(PROBLEM DESCRIPTION) Reproduce each line of the listing exactly.

━━━━━━━━━━━━━━━━━━━━

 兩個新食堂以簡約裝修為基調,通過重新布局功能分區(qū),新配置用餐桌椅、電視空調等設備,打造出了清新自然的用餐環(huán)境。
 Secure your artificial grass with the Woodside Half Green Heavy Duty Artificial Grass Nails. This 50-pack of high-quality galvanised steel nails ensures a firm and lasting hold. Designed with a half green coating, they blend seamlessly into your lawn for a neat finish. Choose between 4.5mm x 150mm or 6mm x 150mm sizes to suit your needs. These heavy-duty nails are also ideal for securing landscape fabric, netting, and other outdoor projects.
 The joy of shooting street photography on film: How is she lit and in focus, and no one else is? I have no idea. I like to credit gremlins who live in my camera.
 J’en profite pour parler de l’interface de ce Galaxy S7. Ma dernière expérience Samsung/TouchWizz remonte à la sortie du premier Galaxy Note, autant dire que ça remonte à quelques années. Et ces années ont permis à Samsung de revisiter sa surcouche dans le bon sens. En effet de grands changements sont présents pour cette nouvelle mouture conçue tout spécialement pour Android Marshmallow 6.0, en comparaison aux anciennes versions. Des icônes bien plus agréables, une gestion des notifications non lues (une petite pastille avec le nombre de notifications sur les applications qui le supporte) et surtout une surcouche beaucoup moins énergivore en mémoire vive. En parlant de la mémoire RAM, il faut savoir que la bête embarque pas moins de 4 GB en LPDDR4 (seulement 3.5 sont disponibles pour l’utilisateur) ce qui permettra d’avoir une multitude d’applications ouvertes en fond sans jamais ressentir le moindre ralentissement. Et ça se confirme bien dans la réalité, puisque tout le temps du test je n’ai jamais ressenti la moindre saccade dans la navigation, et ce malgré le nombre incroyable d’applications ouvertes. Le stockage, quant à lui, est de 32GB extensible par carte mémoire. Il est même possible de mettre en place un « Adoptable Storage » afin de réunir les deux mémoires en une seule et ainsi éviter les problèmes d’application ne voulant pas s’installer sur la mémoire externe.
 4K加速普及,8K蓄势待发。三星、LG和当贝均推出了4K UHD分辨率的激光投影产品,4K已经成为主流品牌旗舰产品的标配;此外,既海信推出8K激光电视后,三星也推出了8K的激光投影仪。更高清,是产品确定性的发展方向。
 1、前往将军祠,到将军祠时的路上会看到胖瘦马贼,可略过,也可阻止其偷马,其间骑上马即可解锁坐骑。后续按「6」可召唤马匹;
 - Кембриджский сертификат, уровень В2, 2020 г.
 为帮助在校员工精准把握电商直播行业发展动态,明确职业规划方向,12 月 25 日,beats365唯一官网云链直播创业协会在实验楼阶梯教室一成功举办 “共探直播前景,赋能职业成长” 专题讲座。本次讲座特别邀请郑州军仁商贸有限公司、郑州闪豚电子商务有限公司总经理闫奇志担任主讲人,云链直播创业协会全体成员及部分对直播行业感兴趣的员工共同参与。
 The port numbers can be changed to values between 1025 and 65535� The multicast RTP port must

━━━━━━━━━━━━━━━━━━━━

(TASK RESULT)
 兩個新食堂以簡約裝修為基調,通過重新布局功能分區(qū),新配置用餐桌椅、電視空調等設備,打造出了清新自然的用餐環(huán)境。
 Secure your artificial grass with the Woodside Half Green Heavy Duty Artificial Grass Nails. This 50-pack of high-quality galvanised steel nails ensures a firm and lasting hold. Designed with a half green coating, they blend seamlessly into your lawn for a neat finish. Choose between 4.5mm x 150mm or 6mm x 150mm sizes to suit your needs. These heavy-duty nails are also ideal for securing landscape fabric, netting, and other outdoor projects.
 The joy of shooting street photography on film: How is she lit and in focus, and no one else is? I have no idea. I like to credit gremlins who live in my camera.
 J’en profite pour parler de l’interface de ce Galaxy S7. Ma dernière expérience Samsung/TouchWizz remonte à la sortie du premier Galaxy Note, autant dire que ça remonte à quelques années. Et ces années ont permis à Samsung de revisiter sa surcouche dans le bon sens. En effet de grands changements sont présents pour cette nouvelle mouture conçue tout spécialement pour Android Marshmallow 6.0, en comparaison aux anciennes versions. Des icônes bien plus agréables, une gestion des notifications non lues (une petite pastille avec le nombre de notifications sur les applications qui le supporte) et surtout une surcouche beaucoup moins énergivore en mémoire vive. En parlant de la mémoire RAM, il faut savoir que la bête embarque pas moins de 4 GB en LPDDR4 (seulement 3.5 sont disponibles pour l’utilisateur) ce qui permettra d’avoir une multitude d’applications ouvertes en fond sans jamais ressentir le moindre ralentissement. Et ça se confirme bien dans la réalité, puisque tout le temps du test je n’ai jamais ressenti la moindre saccade dans la navigation, et ce malgré le nombre incroyable d’applications ouvertes. Le stockage, quant à lui, est de 32GB extensible par carte mémoire. Il est même possible de mettre en place un « Adoptable Storage » afin de réunir les deux mémoires en une seule et ainsi éviter les problèmes d’application ne voulant pas s’installer sur la mémoire externe.
 4K加速普及,8K蓄势待发。三星、LG和当贝均推出了4K UHD分辨率的激光投影产品,4K已经成为主流品牌旗舰产品的标配;此外,既海信推出8K激光电视后,三星也推出了8K的激光投影仪。更高清,是产品确定性的发展方向。
 1、前往将军祠,到将军祠时的路上会看到胖瘦马贼,可略过,也可阻止其偷马,其间骑上马即可解锁坐骑。后续按「6」可召唤马匹;
 - Кембриджский сертификат, уровень В2, 2020 г.
 为帮助在校员工精准把握电商直播行业发展动态,明确职业规划方向,12 月 25 日,beats365唯一官网云链直播创业协会在实验楼阶梯教室一成功举办 “共探直播前景,赋能职业成长” 专题讲座。本次讲座特别邀请郑州军仁商贸有限公司、郑州闪豚电子商务有限公司总经理闫奇志担任主讲人,云链直播创业协会全体成员及部分对直播行业感兴趣的员工共同参与。
 The port numbers can be changed to values between 1025 and 65535� The multicast RTP port must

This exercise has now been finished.